​Former L.A. Gangster Helps Run Adventist Hospital in Mexico

News June 21, 2017

Robert Gonzalez Medina liked to tease his mother. Whenever gunshots were fired at their home, he would cry out, “Mom! Mom! They hit me!”

Mother was a good sport, and she played along with Robert’s game.

“Oh no!” she said every time. “What will we do?”

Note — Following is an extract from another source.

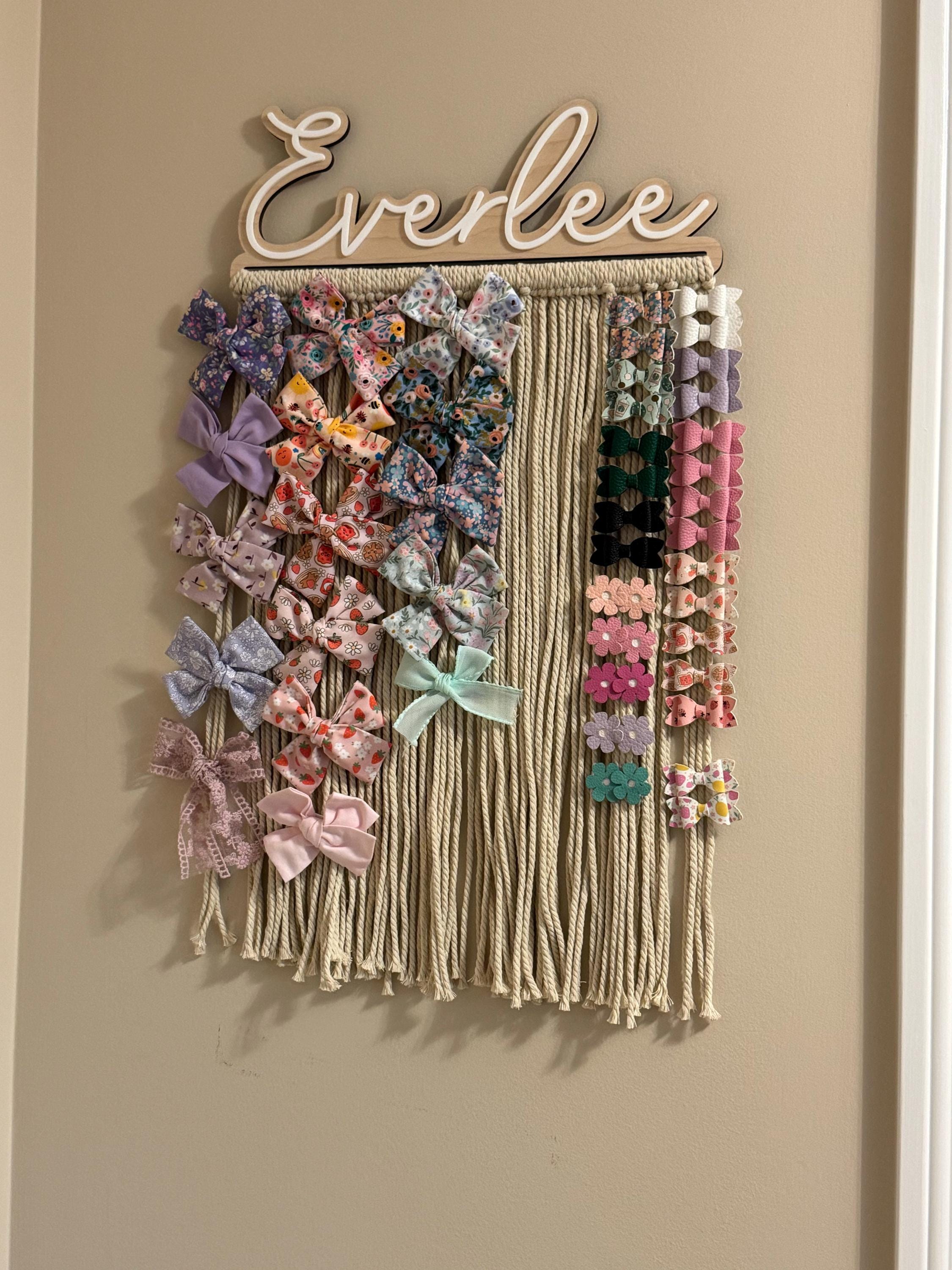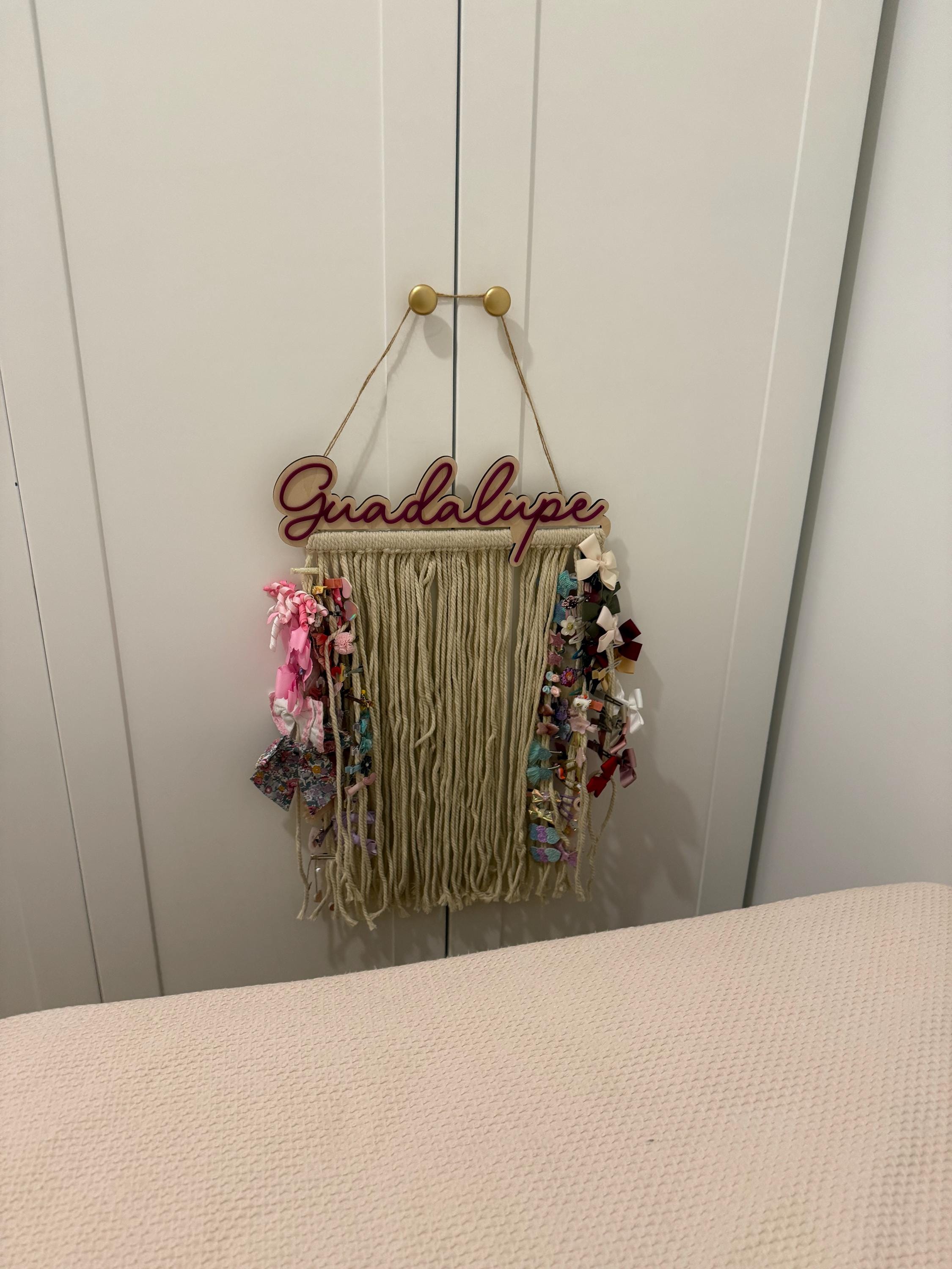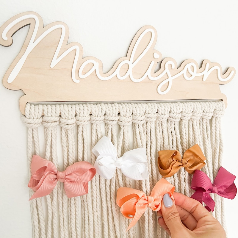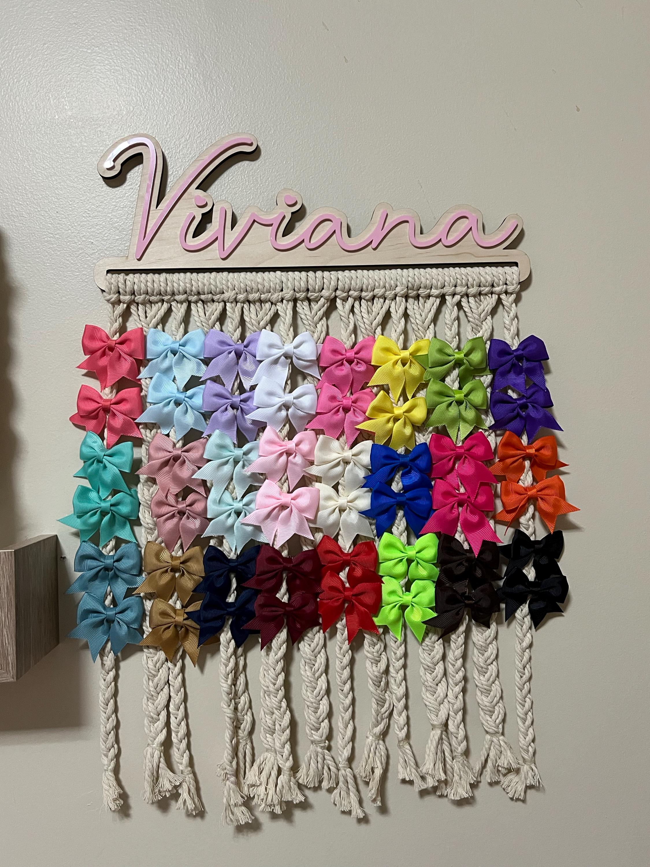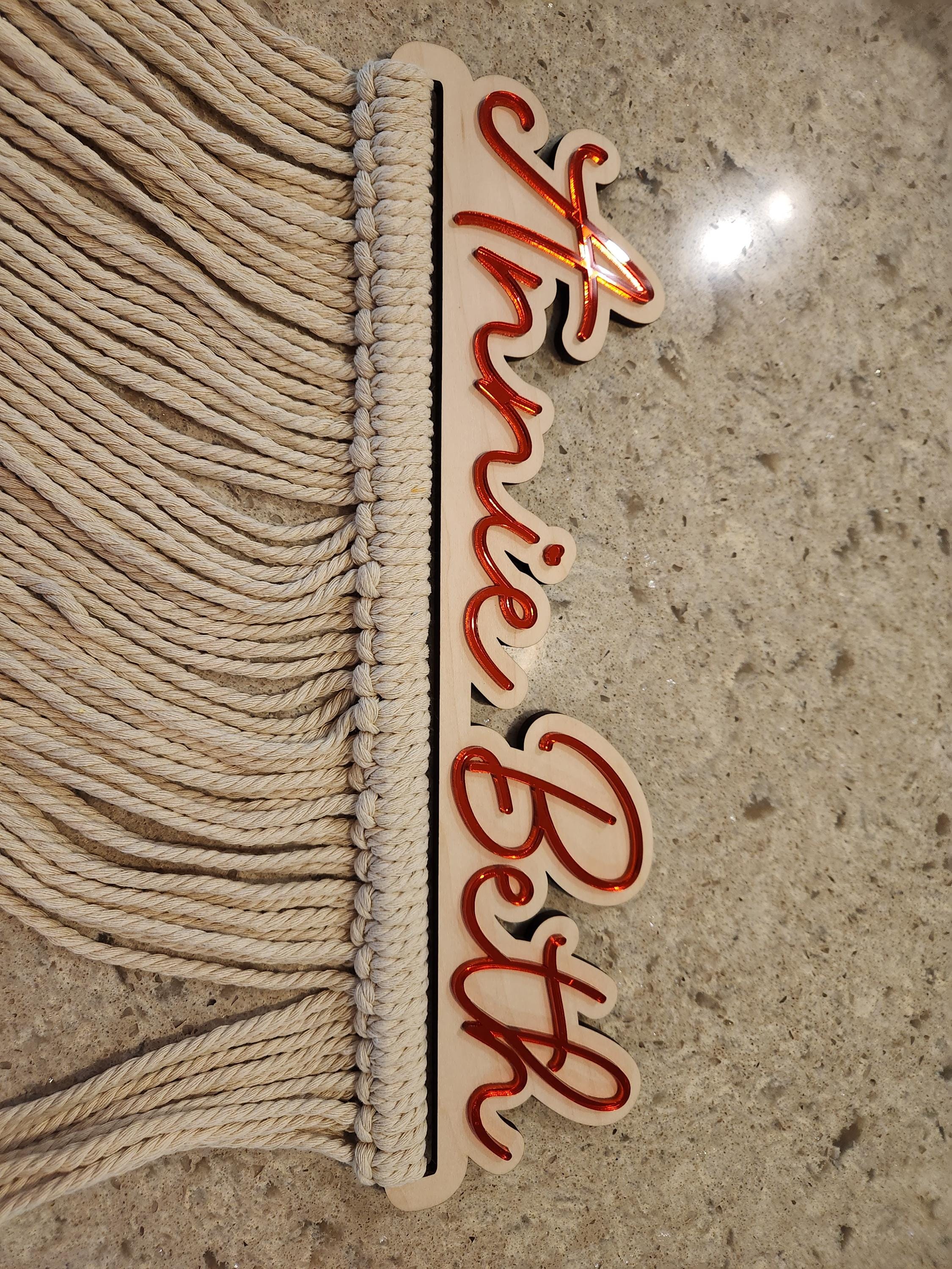 Our personalized macrame bow holder can be a beautiful and functional way to store and display your hair bows hanging on your wall. You can customize it with your favorite color and add your name to make it truly unique. Hang it in your kids bedroom or bathroom for easy access to hair accessories while getting ready.

But the gang violence was no joking matter. Robert grew up in a violent Los Angeles neighborhood. When he was 5 years old, his older brothers joined a street gang. People from other gangs drove by their house and shot at it, trying to scare his brothers.

“For me, the shooting was normal,” Robert said. “I took it as a game.”

The constant violence, however, caused the boy’s heart to become hard. As he grew older, he stopped teasing his mother. His smile was replaced by an angry scowl. He began to play with real guns.

When Robert was 14, his parents were joined the Seventh-day Adventist Church. Robert sometimes went to church with them, and they talked about the sermon around the dinner table.

Even though he acted like a tough guy, Robert grew tired of the violence. He married a woman from Mexico and decided to go to Mexico to meet her family.

Robert liked the quieter life in Mexico, and he opened a store selling construction materials.